Computing Power Crisis: Google Quietly Imposes Usage Caps on Meta for Gemini

marsbitPublicado em 2026-06-29Última atualização em 2026-06-29

Resumo

Google has quietly imposed usage caps on Meta's access to its Gemini AI models since around March due to surging demand overwhelming its computational infrastructure, according to a Financial Times report. The limits, which remain in place, have disrupted and delayed several of Meta's internal AI projects, forcing the social media giant to ration AI usage and improve efficiency. This reflects a broader industry-wide shortage of AI inference capacity, as companies deploy more chatbots and AI agents. Google CEO Sundar Pichai acknowledged compute constraints are limiting cloud revenue growth. In response, Google recently signed a $920 million monthly compute leasing deal with SpaceX to expand capacity. The restrictions have accelerated Meta's shift toward its own AI models, such as Muse Spark, to reduce dependence on external providers like Google. While other Google clients also face limits, Meta's vast scale made it particularly affected. The situation highlights how the AI infrastructure bottleneck has shifted from model training to inference, requiring massive new capital investments to resolve.

Written by: Xu Chao

The supply-demand contradiction in artificial intelligence infrastructure is intensifying among the world's leading technology companies. According to informed sources, Google informed Meta around March this year that it could not meet its full Gemini computing power demands and imposed usage caps on the social media giant—even the world's largest AI service provider is struggling to cope with the surging demand for computing power.

According to a report by the Financial Times, the restrictions remain in effect and have already caused disruptions and delays to several internal AI projects at Meta. As a result, Meta has instructed employees to improve the efficiency of their AI computing power usage, promoting a more meticulous accounting of AI tokens internally.

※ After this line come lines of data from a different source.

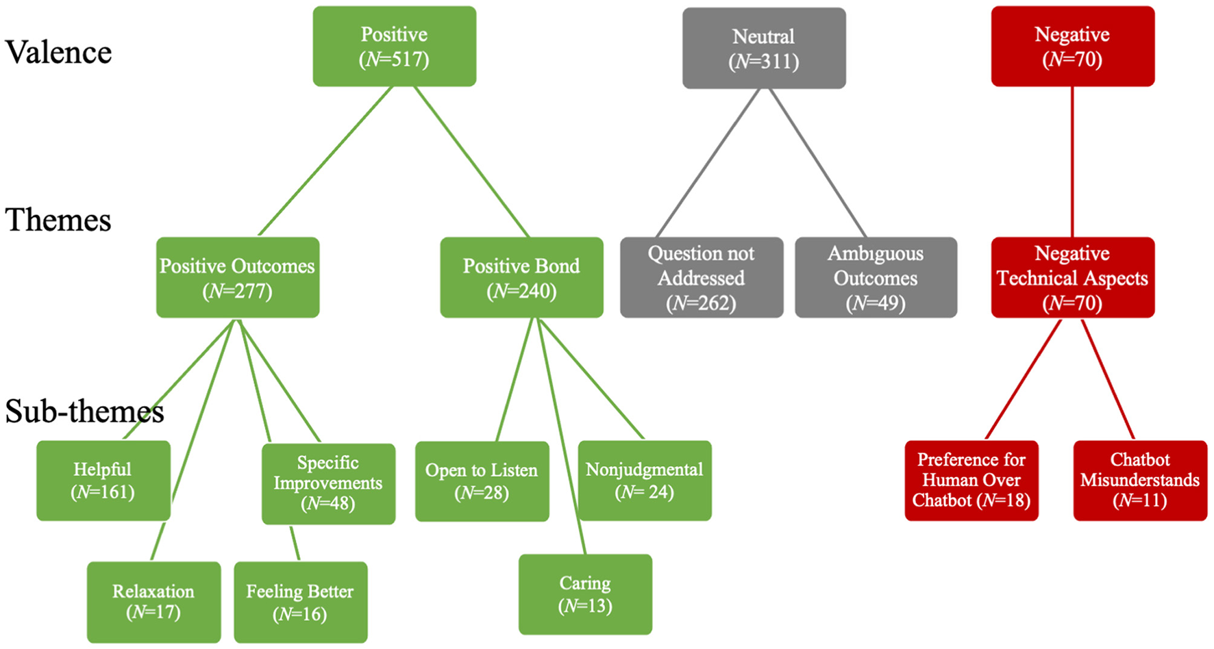 Fitzpatrick and colleagues (11) conducted a study on the chatbot Woebot for young adults. This study included qualitative analysis of user's responses to questions on what users thought was best and worst about their experiences with the chatbot. Thematic analysis revealed two themes for the best parts of the chatbot: process and content. The process theme included comments on the chatbot's accountability, empathy, other “personality” features, the chatbot's facilitation of learning, and the conversation. Negative themes identified included issues with process violations, technical problems, and dissatisfaction with the content. It is noteworthy that many users gendered the chatbot and called it a “friend” despite the purposefully robotic name assigned to the Woebot to highlight that it was non-human.
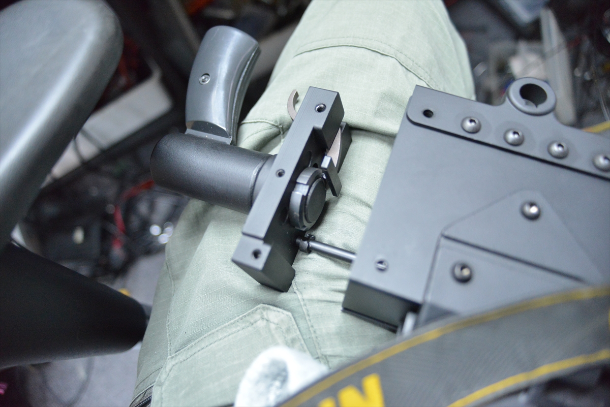赤いボタンは、矯正巻き上げで、その横にトリガー連動ピンの差し込みがあります。
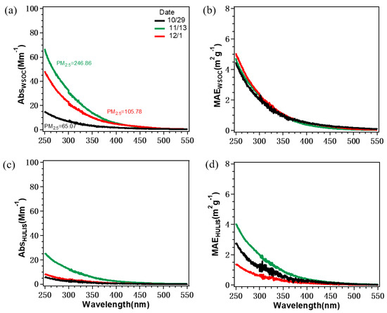 Wavelength dependences of the light absorption coefficient (Abs) (a) and mass ab-sorption efficiency (MAE) (b) for water-soluble organic carbon (WSOC), as well as Abs of the humic-like substance (HULIS) (c) and MAE of HULIS (d) in the industrial region.
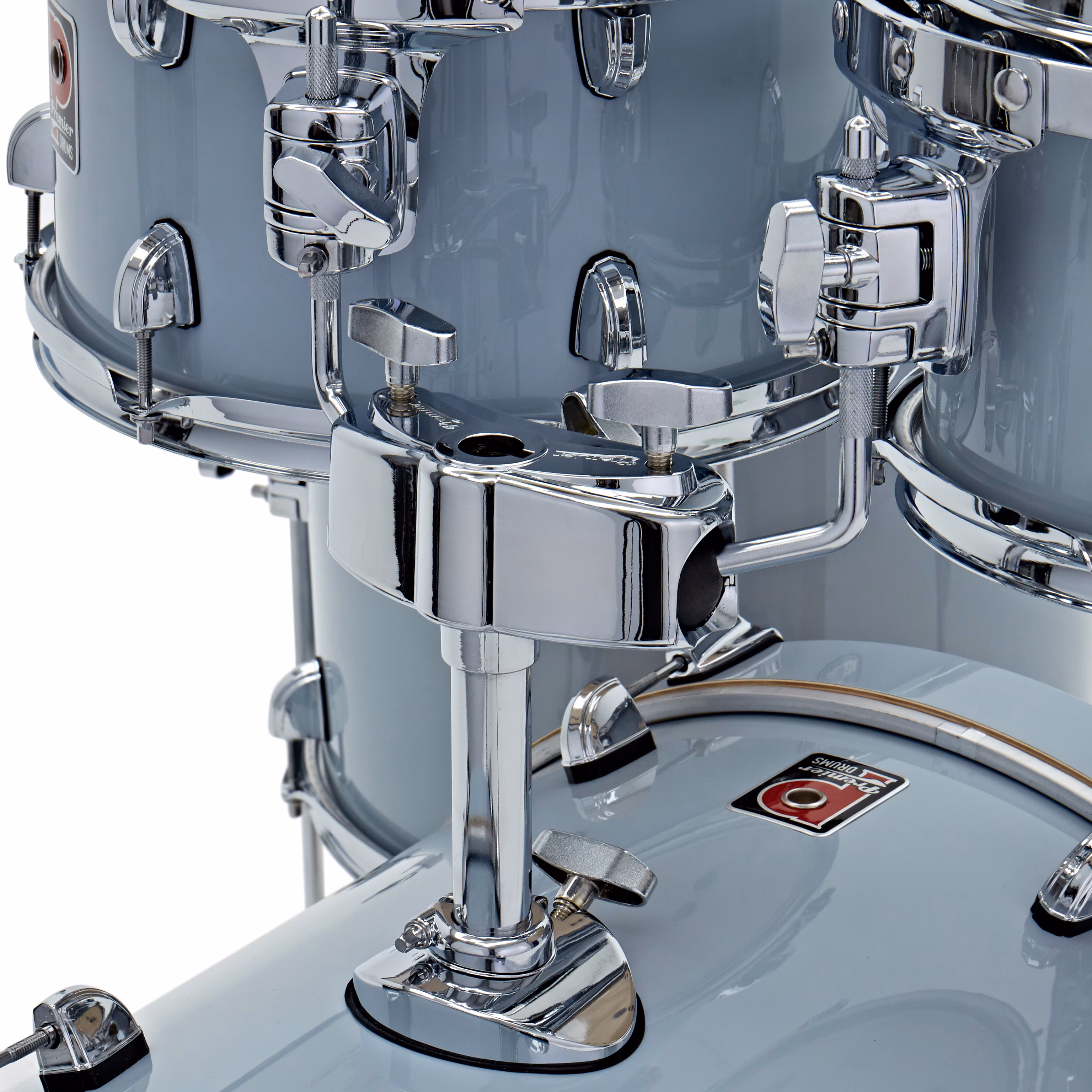 Teil der Konstruktion ist auch ein praktisches System von Memory-Locks an den Tom- und Floor-Tom-Halterungen, das eine schnelle und präzise Einstellung auch bei häufigem Auf- und Abbau des Sets gewährleistet. Die direkt an der Bassdrum befestigten Toms sorgen zusätzlich für Stabilität beim dynamischen Spiel.
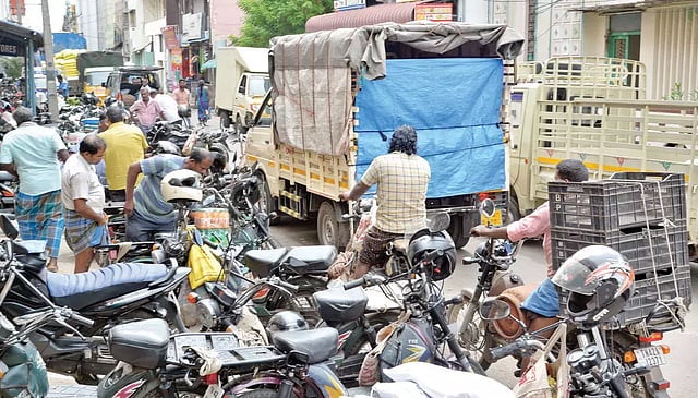 இந்த கடைகளுக்கு கும்பகோணம், திருவாரூர், காரைக்கால், மயிலாடுதுறை உள்ளிட்ட பகுதிகளில் இருந்து மொத்த வியாபாரிகள் லாரிகள் மூலம் பொருட்களை ஏற்றி வந்து கடைகளுக்கு வினியோகம் செய்கின்றனர். அவ்வாறு பொருட்களை ஏற்றி வரும் லாரிகள் கடைகளின் வாசலில் நெடுஞ்சாலையில் நிறுத்தி பொருட்களை இறக்குகின்றனர். ஏற்கனவே குறுகலாக உள்ள இந்த பகுதி சாலையில் போக்குவரத்துக்கு இடையூறாக வாகனங்கள் நிறுத்தப்படுவதால் அவசர அவசரமாக செல்லும் ஆம்புலன்ஸ் கூட போக்குவரத்து நெருக்கடியில் சிக்கி கொள்கிறது.
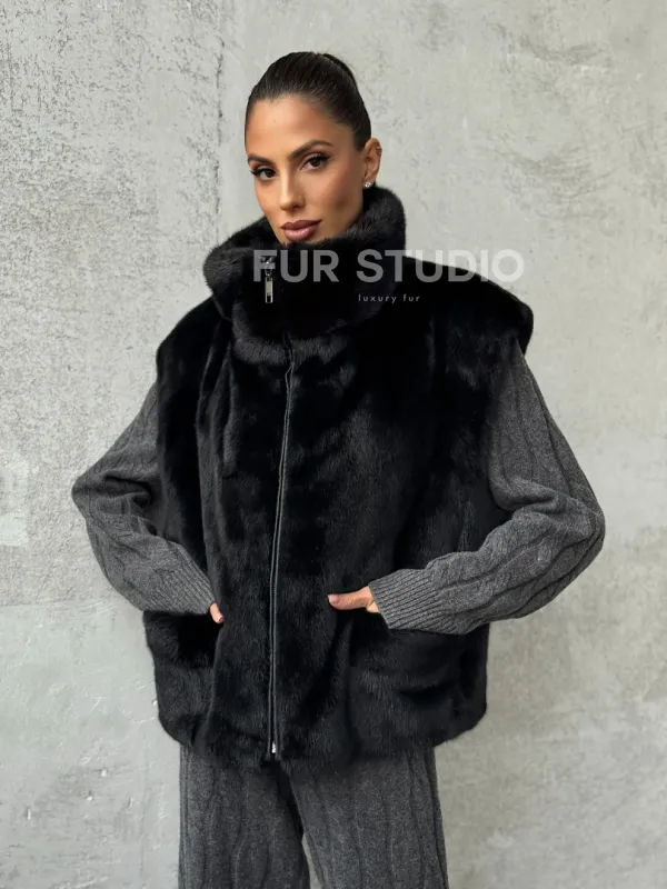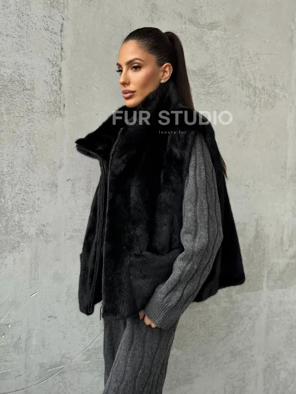 Очаруйтесь изысканной красотой и непревзойденным комфортом с нашей эксклюзивной коллекцией элитных жилетов. Изготовленный из первоклассного натурального меха, Черная норковая жилетка не только согреет вас в холодные зимние дни, но и подчеркнет ваш безупречный стиль.
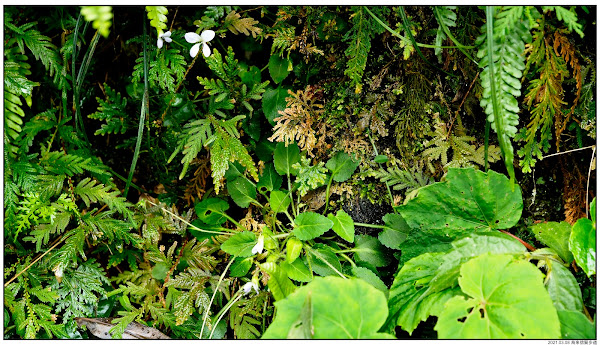 「普萊氏堇菜」生長環境:喜歡非常潮濕的岩壁上,似乎比較能夠接受水分很多、陰暗群聚的環境。
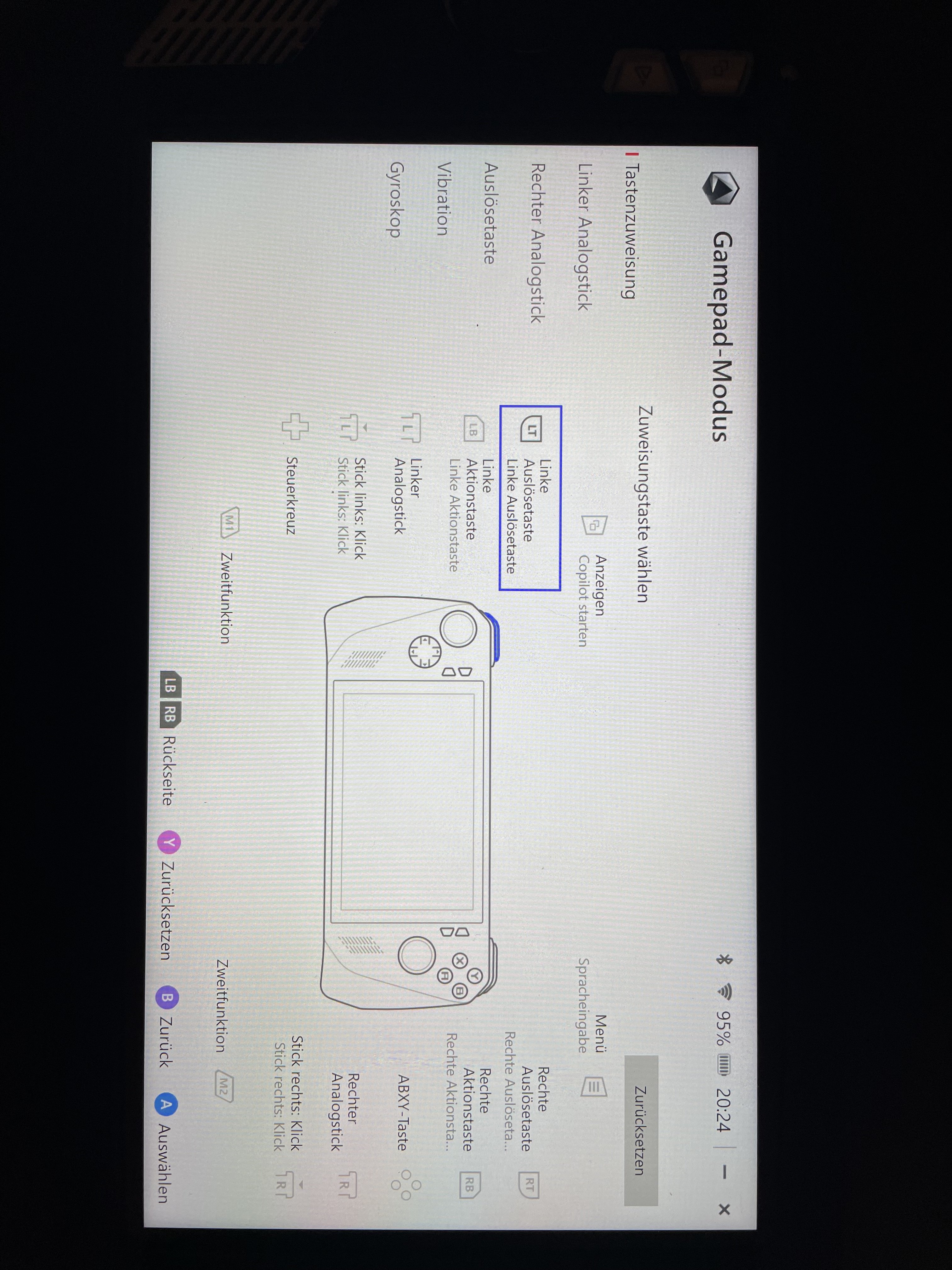 Wenn ich online einen Gamepad Tester starte zeigt auch der keine Reaktion auf die Eingabe von RT/LT. Alle anderen Tasten funktionieren aber ohne Probleme und wenn ich RT/LT auf eine andere Taste lege funktioniert es auch.
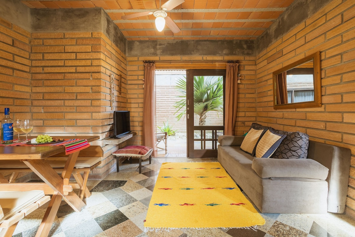 Naturaleza, paz y privacidad. Aquí, sientes todo el clima de este paraíso en un solo lugar, 3 cabañas y una suite rodeada por el amplio jardín que hacen de KaOra tu hogar en la playa de Rosa. Conseguimos comodidad con simplicidad y privacidad. La casa tiene una mini cocina con 2 quemadores de cocina (sin horno), cama doble e individual y baño. Una suite súper amplia y sin estándares. En la terraza, hamacas, mesa y sillas. Tiene una barbacoa para que disfrutes del balcón y del aspecto del jardín con especies autóctonas.
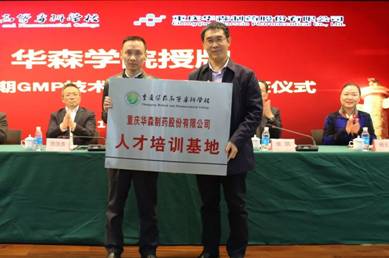 学校党委书记吴海峰和华森制药股份有限公司质量总监陈劲揭牌“人才培训基地”

Both Google and Meta declined to comment on the matter.

This situation has forced Google to accelerate its expansion efforts. Earlier this month, Google signed a computing power leasing agreement with Elon Musk's SpaceX worth $920 million per month. Google CEO Sundar Pichai admitted during the Q1 earnings call: "We are indeed facing constraints in computing power recently; if we could meet the demand, cloud business revenue would be higher."

Meta is not alone. Multiple sources pointed out that other Google enterprise customers are also subject to varying degrees of restrictions, with Meta being the most affected due to its exceptionally large demand. This incident highlights the explosive growth of AI inference workloads, which has become one of the industry's biggest challenges.

Computing Power Bottleneck Under Persistent Pressure, Major Clients Bear the Brunt

Despite hundreds of billions of dollars invested by major tech companies in chips, data centers, and power supply, AI computing power supply still struggles to keep pace with demand growth.

Google's Q1 cloud business revenue surpassed $20 billion for the first time, and its backlog of signed but undelivered cloud contracts nearly doubled sequentially, exceeding $460 billion. Pichai clearly stated that computing power constraints will persist in the near term.

Against this backdrop, the impact on Meta is particularly pronounced. Sources indicate that it is the high-intensity demand from major enterprise clients like Meta that directly pushed Google to accelerate its search for external computing power sources. As enterprises deploy chatbots, coding assistants, and AI agents on a large scale, inference workloads—the computing power consumed when models perform tasks in real-world applications after training—are becoming a core bottleneck for the industry.

Meta's Internal Projects Hindered, Accelerates Shift to In-House Models

Meta uses Gemini extensively internally, covering platform security review (including identifying fraudulent content and removing harmful information), customer service and advertising-assisted chatbots, as well as some internal workflows and code development, while also using other models like Anthropic's Claude.

According to sources, Meta initially chose Gemini because its performance surpassed that of the company's own open-source Llama model. However, as computing power restrictions tightened, Meta is accelerating its migration to in-house models. Multiple sources stated that Meta has recently begun prioritizing the promotion of its newly launched Muse Spark model, which is believed to be competitive with Gemini in performance, helping to reduce reliance on external models.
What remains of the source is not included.